The success of quantitative laws in explaining phenomena in the natural sciences provides an aspiration for quantitative laws in the social sciences. The coevolution of measurement and quantitative laws of the natural sciences implies that any quantitative laws of the social sciences will evolve in conjunction with social measurement, where the concept of measurement transcends the natural and social sciences. However, there are frames of reference in the social sciences where the historical motivation for measurement in the natural sciences prevails – that of fairness of transactions. By analogy to the use of rigorous measurement of temperature in routine applications, measurement in the social sciences may require measurement which is just as rigorous as is the measurement of variables that will produce scientific laws. This chapter is concerned with such an example.

The frame of reference of this chapter is the competitive selection of students into universities in Western Australia based on their assessments in a range of disciplines in their Year 12 studies. The assessments are not of the form of intelligence or aptitude tests, but based on explicit syllabuses that the students have been taught. The students may choose to pursue their university studies in a wide array of courses based on their Year 12 studies in a similarly wide array of disciplines. In general, satisfactory performance in the discipline of English is required for selection into all university courses. Many courses, such as law, psychology, and economics, have no prerequisite studies, while some courses such as engineering, natural sciences, and mathematics, may require studies in those disciplines, but permit electives which may vary among students. The selection is based primarily on the mean of four performances, from the disciplines they have studied, which give the greatest mean. The implication of these features is that, in the interest of fairness, the selection of students for various university courses needs to be invariant with respect to which disciplines they studied. This requires rigorous measurement, with the same unit and origin, of each discipline.

It is recognized that, because different students may have studied different disciplines, their summary scores do not reflect a degree of proficiency on the same substantive, content variable. Instead, the variable is an abstracted index variable of causal variables in which the proficiency of a student in a discipline governs their performance on the relevant assessment instrument. The variable is inferred to be one of a capacity to succeed and benefit from university studies based on previous studies. The example is described in some detail with the expectation that it has properties that can be transferred to other social sciences cases where rigorous measurement is required.

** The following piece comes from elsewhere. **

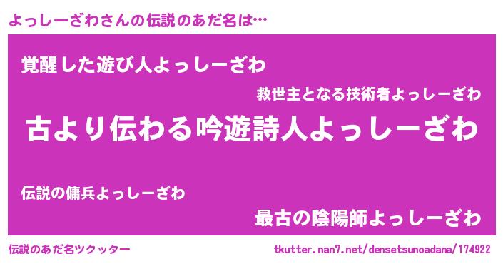 | ヘコむあだ名 | 『よっしーざわ(小並感)』『よっっちょ』 |

In part because of the advancement of the natural sciences with the coevolution of quantitative laws and measurement, social scientists have studied and attempted to define measurement generally from the perspective of advancing quantitative laws in the social sciences. One of these is the work of Rasch, termed in this chapter, Rasch measurement theory. The principle on which Rasch’s theory is based is the requirement of invariant comparisons of objects with respect to instruments (and vice versa) within a specified frame of reference. The consequences of this definition have been shown to lead to quantitative relationships which are entirely compatible with other definitions of measurement and with the laws of the natural sciences.

Rasch’s formulation has at least three distinctive elements compared to other definitions of measurement. First, it is relevant in both probabilistic and deterministic frameworks. The probabilistic contexts immediately provide evidence of statistical variation that may or may not be random. Second, because Rasch formulated his requirement of invariant comparisons mathematically, rather than merely descriptively, further derivations of the model for measurement are possible. Third, the requirement of invariant comparisons is relevant for quantitative laws in general, and not only measurement; therefore, it seems a more fundamental basis for understanding measurement than simply describing measurement. All three features of Rasch measurement theory are applied explicitly in the example of this chapter.

Rasch’s probabilistic formulation is used in this chapter. It specifies the probability that a person will obtain a score on the instrument as a function of the person’s hypothesized, scalar, proficiency and the threshold parameters of the instrument which reflect its relative difficulty (origin) and their tendency to spread and skew the responses. The thresholds are points of equal probability of two adjacent scores.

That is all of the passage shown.